- Opening Delimiter -

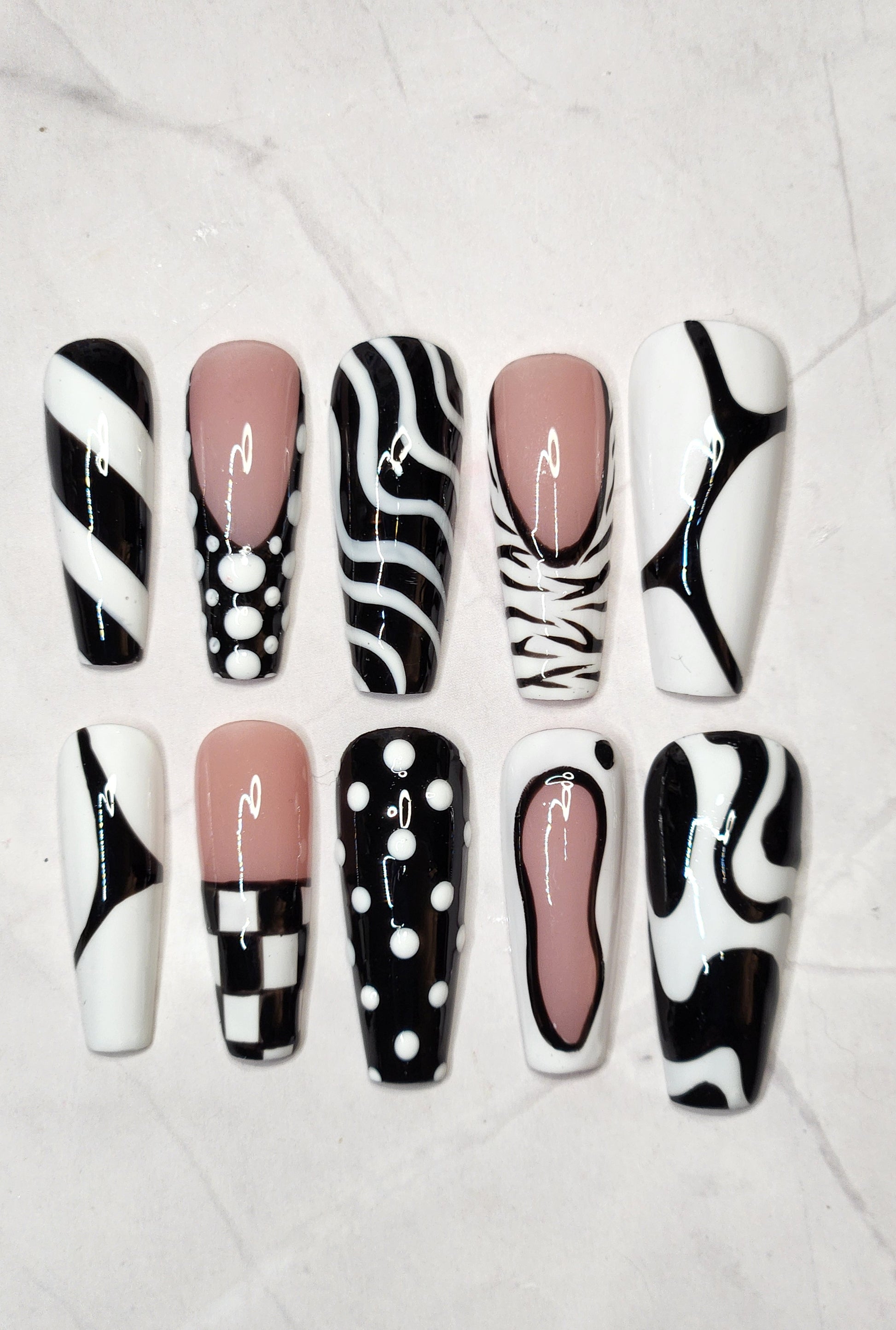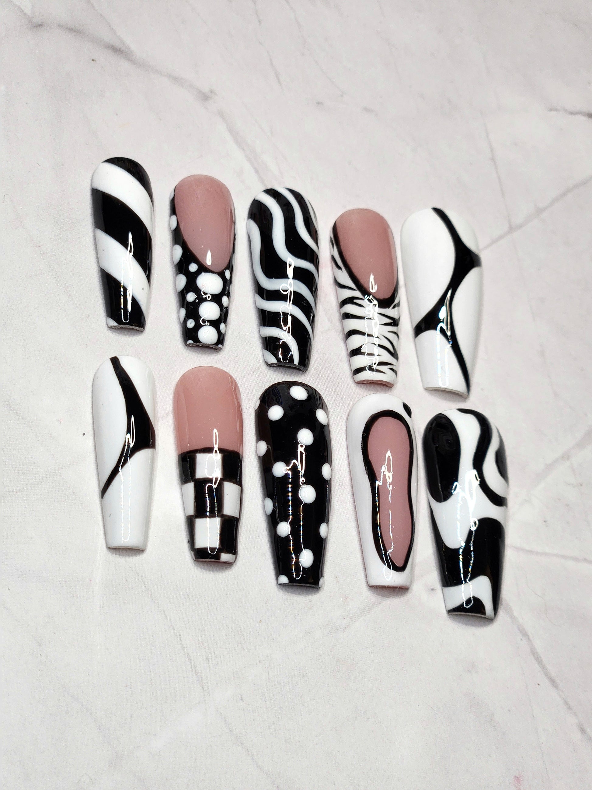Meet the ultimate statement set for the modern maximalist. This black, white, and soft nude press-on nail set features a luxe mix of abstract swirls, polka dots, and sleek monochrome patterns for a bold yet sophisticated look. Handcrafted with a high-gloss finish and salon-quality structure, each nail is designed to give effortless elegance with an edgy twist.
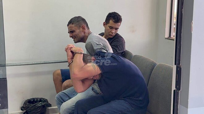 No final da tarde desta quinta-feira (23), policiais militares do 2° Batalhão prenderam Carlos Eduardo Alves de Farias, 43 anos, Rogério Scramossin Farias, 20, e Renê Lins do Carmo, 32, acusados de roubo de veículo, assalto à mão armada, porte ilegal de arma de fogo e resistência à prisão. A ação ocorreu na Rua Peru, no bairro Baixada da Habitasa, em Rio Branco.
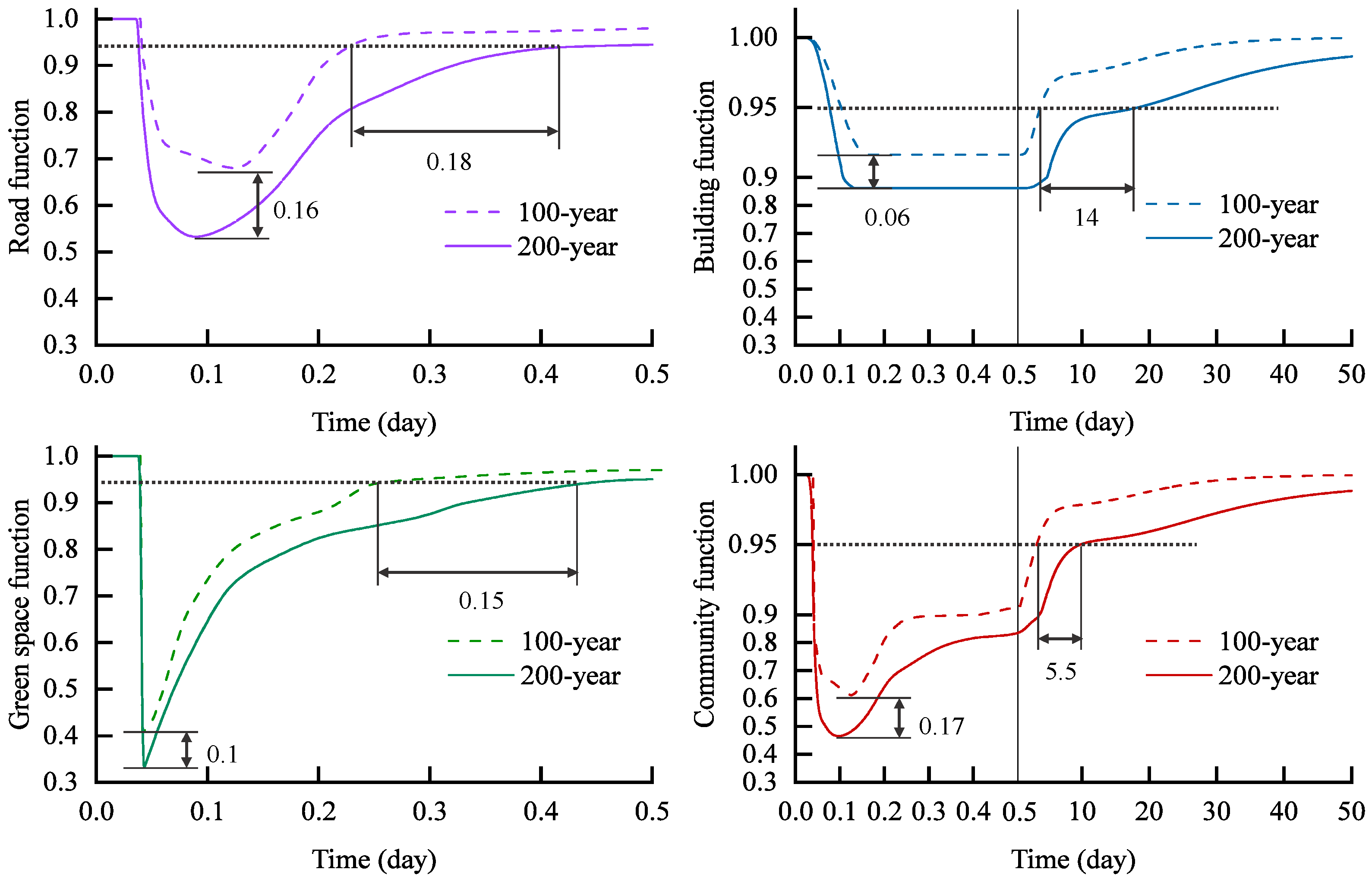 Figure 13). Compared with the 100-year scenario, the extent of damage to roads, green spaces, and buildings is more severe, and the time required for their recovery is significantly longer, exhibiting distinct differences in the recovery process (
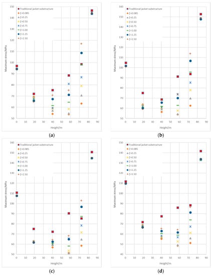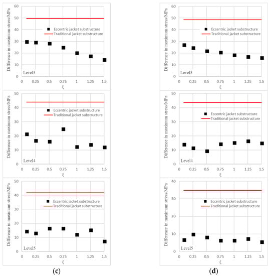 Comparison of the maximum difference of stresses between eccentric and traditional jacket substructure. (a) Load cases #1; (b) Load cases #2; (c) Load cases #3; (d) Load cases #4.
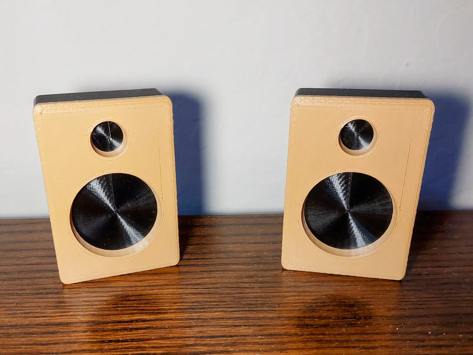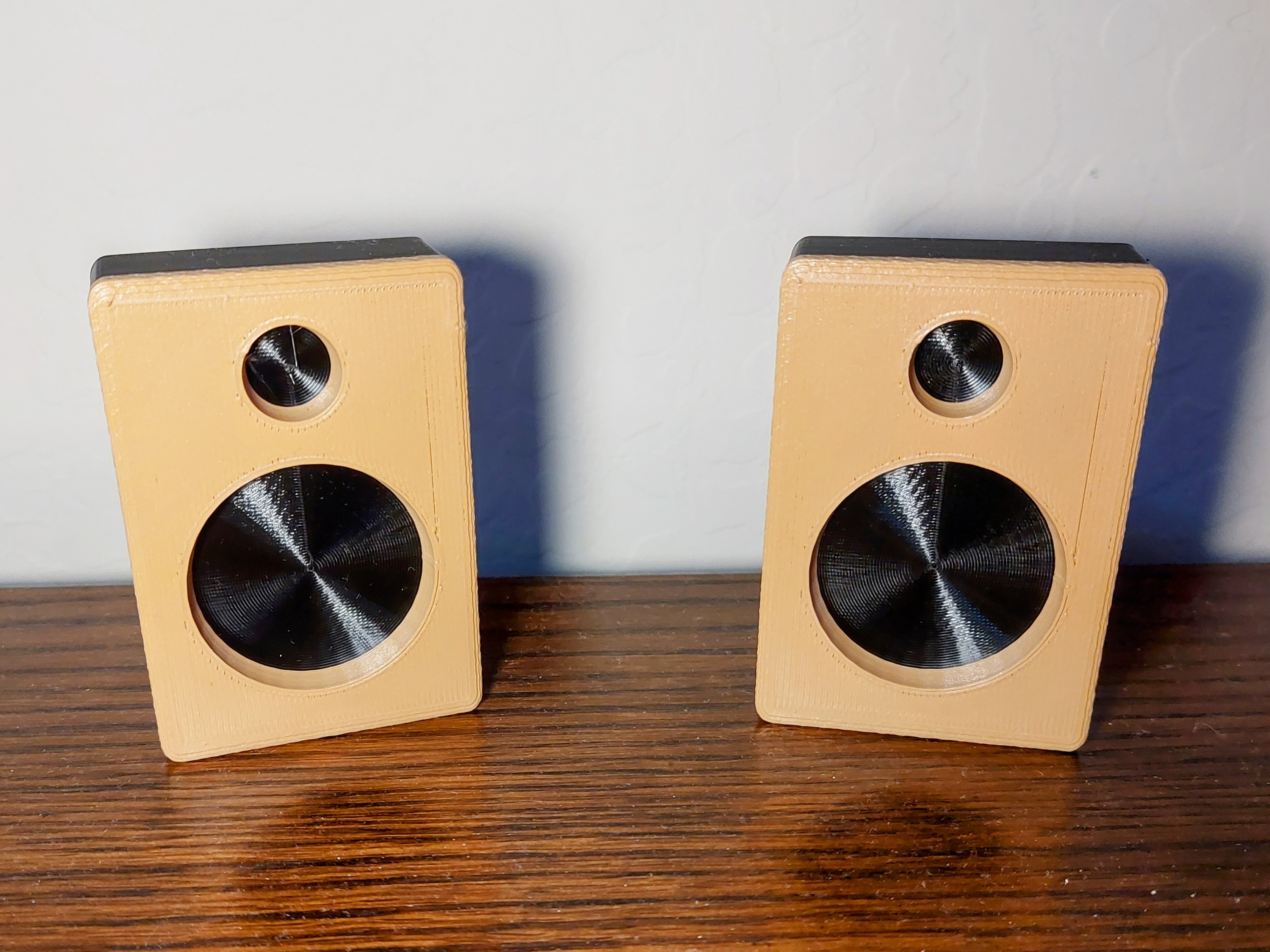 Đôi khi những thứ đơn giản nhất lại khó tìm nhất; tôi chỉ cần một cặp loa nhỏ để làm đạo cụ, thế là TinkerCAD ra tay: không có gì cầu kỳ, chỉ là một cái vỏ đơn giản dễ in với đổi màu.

- Closing Delimiter -

▸ Requirement
Copy exactly, and copy nothing else: the lines from the start of the data above through the line that holds "Comparison of the". The pictures stay out.

▸ Response for this exercise
Meet the ultimate statement set for the modern maximalist. This black, white, and soft nude press-on nail set features a luxe mix of abstract swirls, polka dots, and sleek monochrome patterns for a bold yet sophisticated look. Handcrafted with a high-gloss finish and salon-quality structure, each nail is designed to give effortless elegance with an edgy twist.
 No final da tarde desta quinta-feira (23), policiais militares do 2° Batalhão prenderam Carlos Eduardo Alves de Farias, 43 anos, Rogério Scramossin Farias, 20, e Renê Lins do Carmo, 32, acusados de roubo de veículo, assalto à mão armada, porte ilegal de arma de fogo e resistência à prisão. A ação ocorreu na Rua Peru, no bairro Baixada da Habitasa, em Rio Branco.
 Figure 13). Compared with the 100-year scenario, the extent of damage to roads, green spaces, and buildings is more severe, and the time required for their recovery is significantly longer, exhibiting distinct differences in the recovery process (
 Comparison of the maximum difference of stresses between eccentric and traditional jacket substructure. (a) Load cases #1; (b) Load cases #2; (c) Load cases #3; (d) Load cases #4.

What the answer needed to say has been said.